• _What to produce_
Write out exactly, excluding pictures, the lines from the one containing "4.2026年住院医师规范化" through the end of the data, both included.

[Opening Data block section]

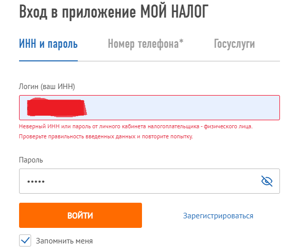 "Неверный ИНН или пароль от личного кабинета налогоплательщика - физического лица. Проверьте правильность введенных данных и повторите попытку. "
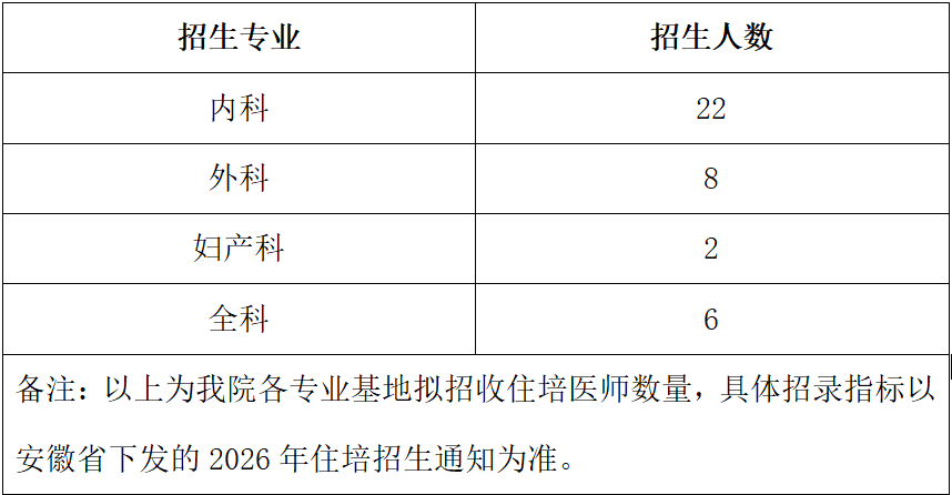 4.2026年住院医师规范化培训招生工作由安徽省统一部署,具体招生情况以安徽省正式招生文件为准,有意向报名者可登录安徽省住院医师培训信息化管理系统平台(http://39.145.8.9:9889/)关注住院医师规范化培训工作动态。
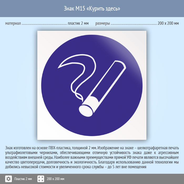 Знак M15 «Курить здесь» (исключен) (пластик, 200х200 мм) в Ижевске купить
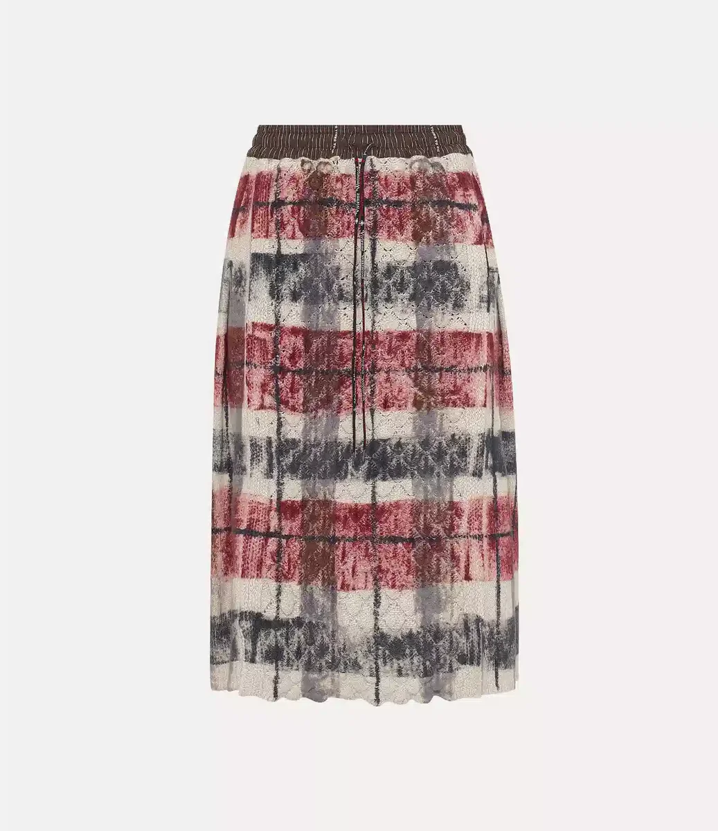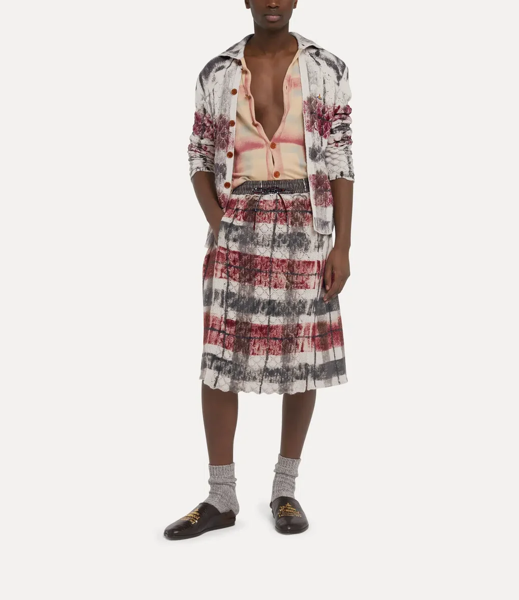 Vivienne Westwood Dual Tartan kilt features a distressed tartan motif, inspired by traditional Scottish Highland regalia.

[Closing Data block section]

• _Task answer_
 4.2026年住院医师规范化培训招生工作由安徽省统一部署,具体招生情况以安徽省正式招生文件为准,有意向报名者可登录安徽省住院医师培训信息化管理系统平台(http://39.145.8.9:9889/)关注住院医师规范化培训工作动态。
 Знак M15 «Курить здесь» (исключен) (пластик, 200х200 мм) в Ижевске купить
 Vivienne Westwood Dual Tartan kilt features a distressed tartan motif, inspired by traditional Scottish Highland regalia.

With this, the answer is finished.